From the edge of a cliff, a gun fires a pellet straight upward. The pellet’s speed after leaving the gun is 30 m/s; the cliff is 75 meters tall. Assume that the ground is at height = 0 and that the positive direction is upward. At what time does the pellet hit the ground?
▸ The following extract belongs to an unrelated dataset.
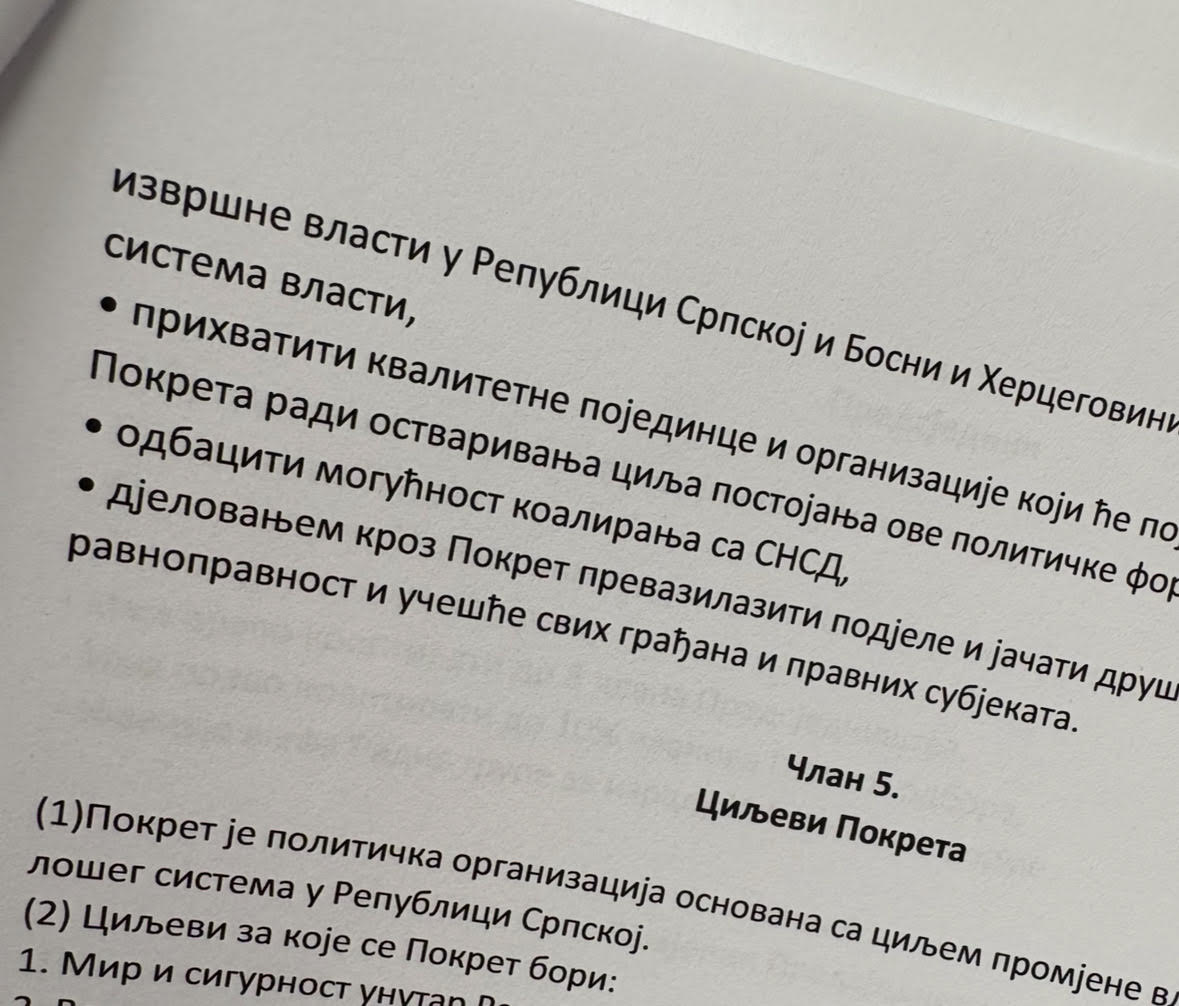 U sporazumu, u koji je uvid imao BN, predviđa se formiranje političkog pokreta čiji je osnovni cilj promjena postojećeg sistema vlasti u Republici Srpskoj i Bosni i Hercegovini, kao i, kako se navodi, uspostavljanje pravednijeg, efikasnijeg i transparentnijeg upravljanja.

The correct answer and explanation is :
To determine the time at which the pellet hits the ground, we can analyze its motion in two phases: the ascent and the descent.
Ascent Phase:
- Initial velocity (v₀): 30 m/s (upward)
- Acceleration (a): -9.8 m/s² (due to gravity, acting downward)
- Final velocity at peak (v): 0 m/s (momentarily at the highest point)
Using the kinematic equation:
[ v = v₀ + at ]
Solving for time to reach the peak (t₁):
[ 0 = 30\, \text{m/s} – (9.8\, \text{m/s}²) \times t₁ ]
[ t₁ = \frac{30\, \text{m/s}}{9.8\, \text{m/s}²} \approx 3.06\, \text{seconds} ]
Descent Phase:
During descent, the pellet falls from the peak height back to the cliff’s edge and then continues to the ground.
- Height of the cliff (h): 75 meters
- Maximum height above the cliff (h₁):
Using the kinematic equation:
[ v² = v₀² + 2a s ]
Solving for s (maximum height above the cliff):
[ 0 = (30\, \text{m/s})² – 2 \times (9.8\, \text{m/s}²) \times s ]
[ s = \frac{(30\, \text{m/s})²}{2 \times 9.8\, \text{m/s}²} \approx 45.92\, \text{meters} ]
Total height from peak to ground (H):
[ H = h + h₁ = 75\, \text{meters} + 45.92\, \text{meters} = 120.92\, \text{meters} ]
Time to fall from peak to ground (t₂):
Using the kinematic equation:
[ s = v₀ t + \frac{1}{2} a t² ]
Here, initial velocity (v₀) is 0 (starting from rest at the peak), and acceleration (a) is 9.8 m/s² (downward).
[ 120.92\, \text{meters} = 0 + \frac{1}{2} \times 9.8\, \text{m/s}² \times t₂² ]
[ t₂² = \frac{120.92\, \text{meters} \times 2}{9.8\, \text{m/s}²} ]
[ t₂ \approx \sqrt{24.68} \approx 4.97\, \text{seconds} ]
Total Time to Hit the Ground (T):
[ T = t₁ + t₂ \approx 3.06\, \text{seconds} + 4.97\, \text{seconds} \approx 8.03\, \text{seconds} ]
Explanation:
When the pellet is fired upward from the edge of a 75-meter-high cliff with an initial velocity of 30 m/s, it first ascends to a maximum height of approximately 45.92 meters above the cliff. This ascent takes about 3.06 seconds. After reaching this peak, the pellet begins its descent, falling back past the cliff’s edge and continuing to the ground, covering a total distance of approximately 120.92 meters. The time taken for this descent is about 4.97 seconds. Therefore, the total time from firing to impact with the ground is approximately 8.03 seconds.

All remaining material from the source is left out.